How to Choose the Right Business Bank Account

The right business bank account can do wonders for any entrepreneur. Whether you’re starting a new venture, are an independent contractor, or just have a side gig, a commercial bank account is generally a very good idea. Not only does it help you separate business transactions from your personal purchases, it can also serve as legal protection. So, read on to learn more about how to choose the right business bank account.

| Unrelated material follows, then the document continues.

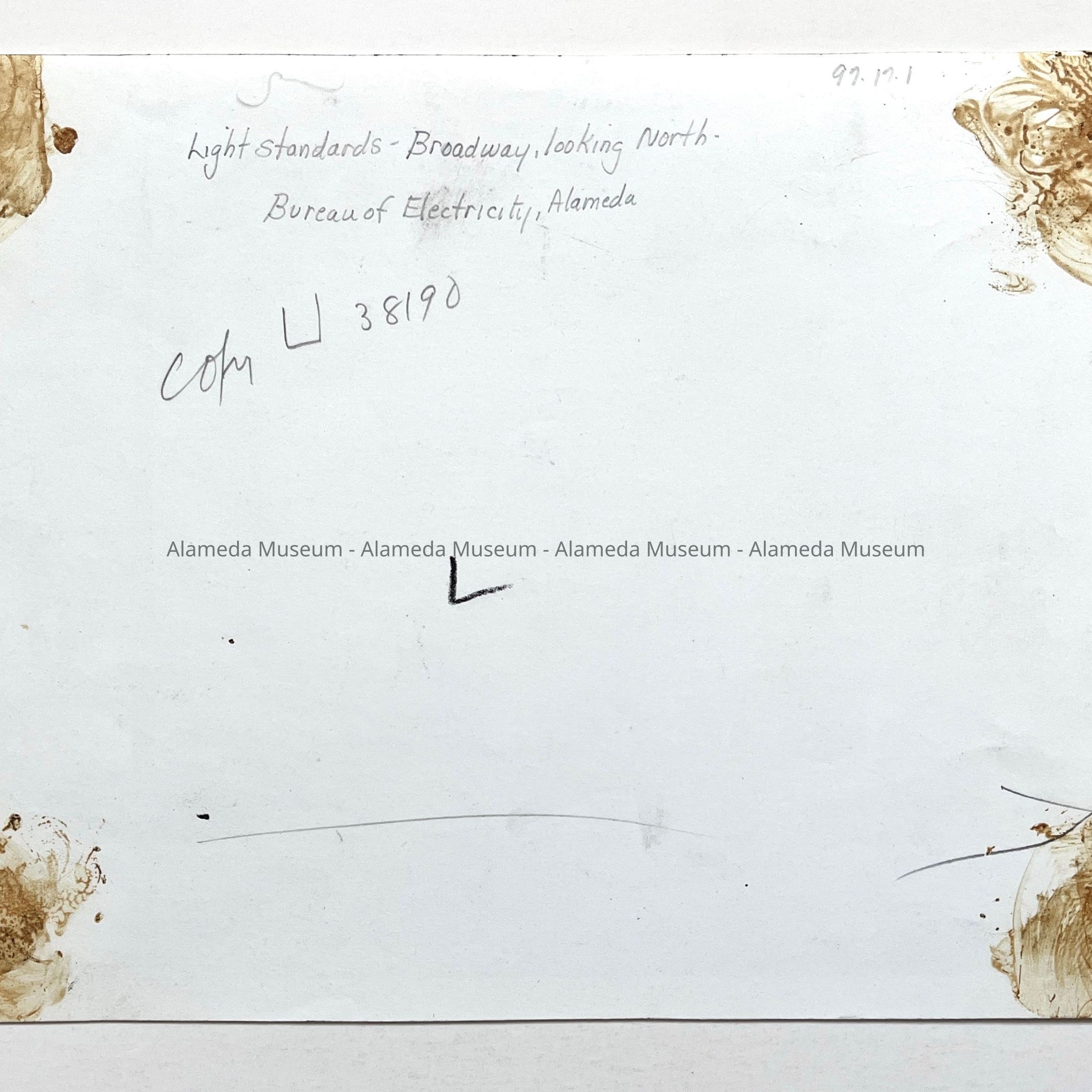Photo of electric light standards on Broadway, looking north, c. 1920sEntry/Object ID

Top Business Bank Account Benefits

A commercial bank account makes it a cinch to tracking business expenses. You can monitor spending with ease. Plus, it can also be a big help in preventing overspending. What’s more, having a dedicated business account will be a huge time-saver come tax time (which can be every quarter, by the way).
Business checking accounts can make it easier to separate business spending from personal spending. If you run a small business, are self-employed or earn money as an independent contractor or gig worker, a business checking account is something you may need. But which one is best for you? Just as with personal checking accounts, choosing a business bank account comes down to finding one that offers the right combination of features, benefits and cost. —Forbes.com
Additionally, a business bank account makes your organization look more professional. This, not to mention you can also usually enjoy some personalized and professional services of your own. For instance, having documents notarized for free or a minimal fee. Or, helping you to choose the right business credit card and/or debit card.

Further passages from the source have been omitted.